3、法持寺中興の次第
用水路のある大きな道を右に曲がり、家々を抜けて田んぼまで出る。そこからさらに二百メートルほど歩いたところに、ぽつんと一軒の家が建っていた。
「ここか」
「はい」
土蜘蛛の問いに浄観は答えた。ここが二人の目的地、彼らに与えられた新しい住処だ。
ここはかつて法持寺という広明寺の末寺であった。後継がなく三年前に廃寺となっていたのだが、今回浄観が住職に就任したのである。
法持寺は檀家を持っていないので、浄観は経済的には教団に完全に依存するしかない状態だった。形の上では異例の出世だが、結局浄観は教団の中で生かさず殺さず飼われているにすぎない。教団はただ単純に、妖怪とその眷属となった浄観を総本山広明寺の境内に入れたくなかったのだ。身内に置きたくはないが、手放してしまうと危険な存在。妖怪の眷属など、もはやまともな僧として認められなかった。
三年間人の住まなかった寺は荒れ果てていた。
石垣の上に植えられた生垣は好き勝手に枝を伸ばし、一部は根元から折れ崩れている。庭もやはり手入れされておらず、雑草が茫々に生えている。肝心の母屋もところどころ窓が割れていて、うらぶれた印象を与える。
しかし土蜘蛛は、そういう表層的なことには全く頓着せず、うれしそうに浄観を振り返って言った。
「良い場所じゃな。清い気に満ちておる。それに虫がいっぱいいそうじゃ!」
「いや、虫は排除していきたいのですが」
浄観のことばには耳を貸さず、土蜘蛛はふよふよとお尻を振りながら、未知なる母屋へと突撃していった。
「ちょっと! 手入れしていない建物ですから危ないですよ」
慌てて後を追うが、土蜘蛛は鍵の開いていた玄関の引き戸を勢いよく開けて、どんどん中へ入っていった。

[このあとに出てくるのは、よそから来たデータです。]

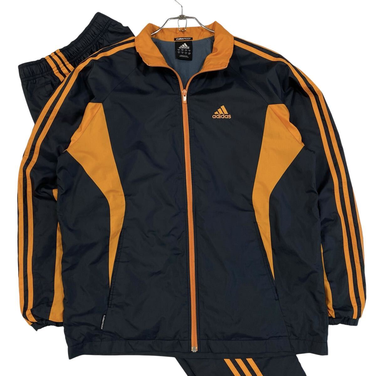 【adidas(アディダス)ウィンドトップパンツセット セットアップ 刺繍ロゴ メンズM ブラック/オレンジ系】
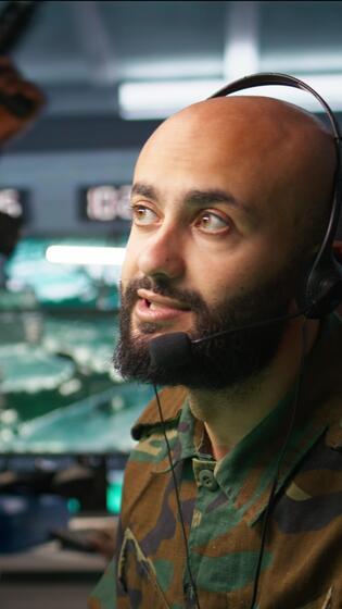 verticale mezzo orientale militare dispatcher relè Informazioni a partire dal esercito intelligenza analisti per truppe su davanti linee, vicino su. Radio comunicazioni operatore discutere con collega utilizzando cuffia microfono, telecamera B Video Pro
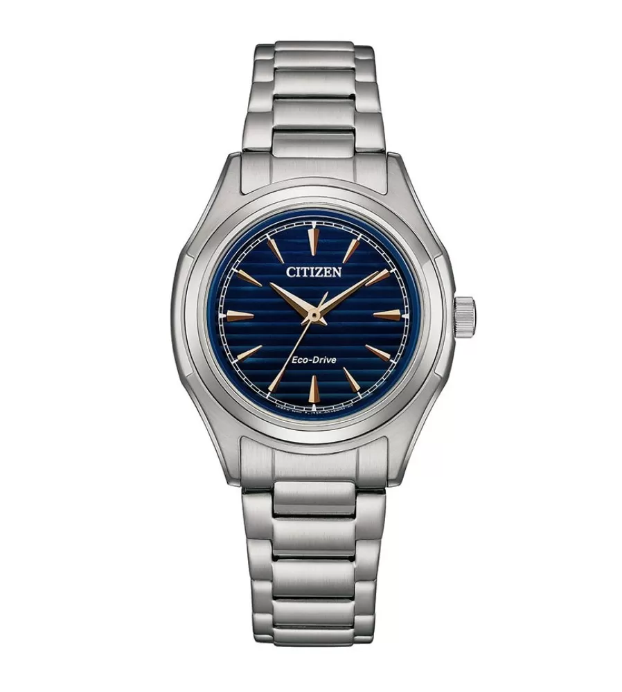 Model Citizen FE2110‑81L jsou dámské hodinky s klasickým a elegantním designem poháněné solární technologií Eco‑Drive, takže k životu používají světlo a není u nich třeba měnit baterii. Hodinky mají stříbrné pouzdro i náramek z nerezové oceli a kulatý ciferník v modré barvě, který je přehledný a minimalistický bez zbytečných zdobení, jen s ručičkami a indexy pro snadné odečítání času.

家の中は蜘蛛の巣だらけだった。だが壁も、板張りの床も案外傷んではいない。なんとか住めそうだ。
「よかった。思ったよりはひどくないですね」
ほっと胸をなでおろす浄観とは対照的に、土蜘蛛は興奮を抑えきれない様子だ。
「おお。これが人間の巣か。なかなか立派なものだな」
浄観は運んできた荷物を床に降ろした。大きな荷物は後から車で運んできてくれることになっている。
「窓にガラス入れないと」
ため息を吐きながら浄観がつぶやく。浄観が自由にできる金はほとんど無いので、こんな細かいことでも教団を頼るほか無い。しかし、広明寺まで行ってガラス代を請求するのはなんだか気の重いことだった。
土蜘蛛は雨戸を開け放って縁側に出た。
「おおぅ。これはなかなかよいぞ、浄観。見てみろ」
裏庭には松や楓の木が植えられ、手前にはツツジの低木があった。かつて池だったと思しき窪みの横にはあやめが群生し、美しい花を咲かせていた。
「きれいじゃな」
かつては手入れされていたであろう庭は、雑草が至るところに生えて当時の面影はないが、自由さの中に秩序を感じて、これはこれで風情があった。
「ええ、そうですね」
気の無い様子で浄観は答えた。手のかかりそうな庭である。しかし、庭師を入れるような余裕はとても無い。
庭のことはとりあえず置いておこう。まずは家の中だ。せめて寝るスペースだけでも確保しなければ。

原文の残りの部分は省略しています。